- PROVIDED MATERIAL
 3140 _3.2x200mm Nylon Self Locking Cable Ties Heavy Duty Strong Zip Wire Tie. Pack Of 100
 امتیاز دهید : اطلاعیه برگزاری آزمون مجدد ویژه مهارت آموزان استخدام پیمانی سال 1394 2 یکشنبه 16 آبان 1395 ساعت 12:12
* * *
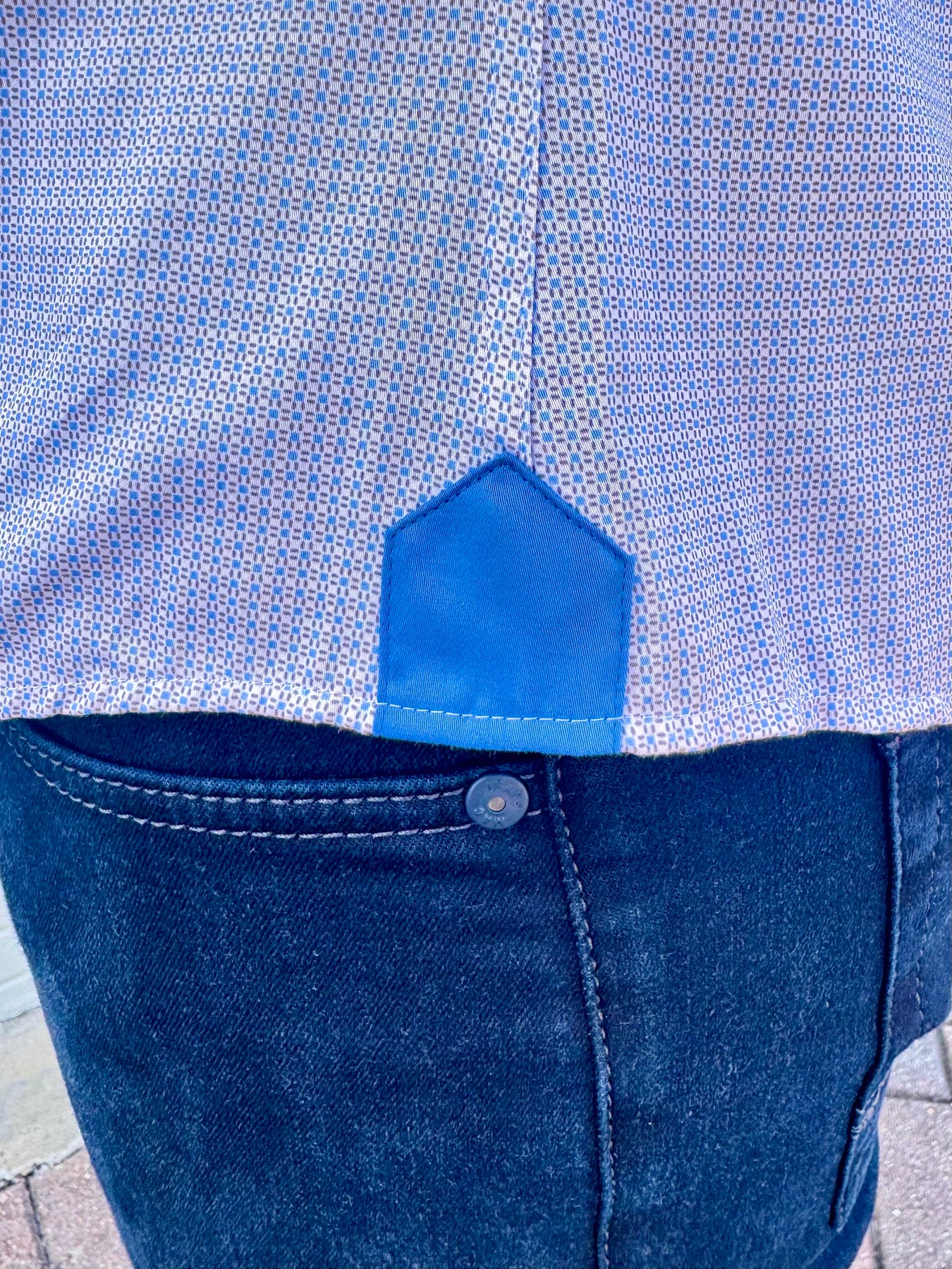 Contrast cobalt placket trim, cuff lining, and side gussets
--
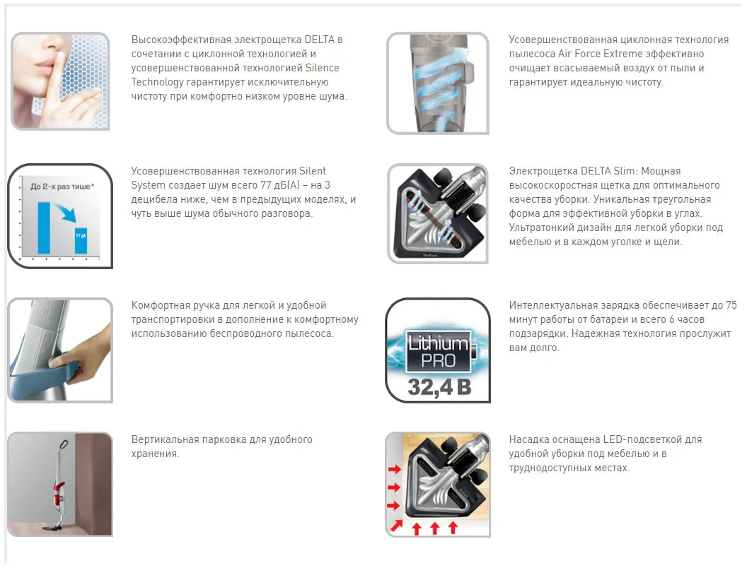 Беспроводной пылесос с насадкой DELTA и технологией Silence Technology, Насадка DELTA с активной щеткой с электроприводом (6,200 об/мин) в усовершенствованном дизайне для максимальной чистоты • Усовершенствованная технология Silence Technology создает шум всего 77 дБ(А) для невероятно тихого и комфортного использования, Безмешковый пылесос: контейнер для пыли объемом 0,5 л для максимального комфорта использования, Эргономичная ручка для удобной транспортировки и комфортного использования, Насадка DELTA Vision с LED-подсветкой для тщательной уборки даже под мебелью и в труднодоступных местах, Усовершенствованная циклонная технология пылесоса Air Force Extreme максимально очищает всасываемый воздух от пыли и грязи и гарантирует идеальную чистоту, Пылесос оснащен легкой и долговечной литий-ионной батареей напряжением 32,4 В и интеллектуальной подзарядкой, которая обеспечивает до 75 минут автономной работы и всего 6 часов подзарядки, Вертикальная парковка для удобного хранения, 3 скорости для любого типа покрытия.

- EXERCISE BRIEF
Please write out, exactly as they appear above, only the lines in the stretch from the line with "3140 _3.2x200mm Nylon" through the line with "امتیاز دهید : اطلاعیه".

- WRITTEN ANSWER
 3140 _3.2x200mm Nylon Self Locking Cable Ties Heavy Duty Strong Zip Wire Tie. Pack Of 100
 امتیاز دهید : اطلاعیه برگزاری آزمون مجدد ویژه مهارت آموزان استخدام پیمانی سال 1394 2 یکشنبه 16 آبان 1395 ساعت 12:12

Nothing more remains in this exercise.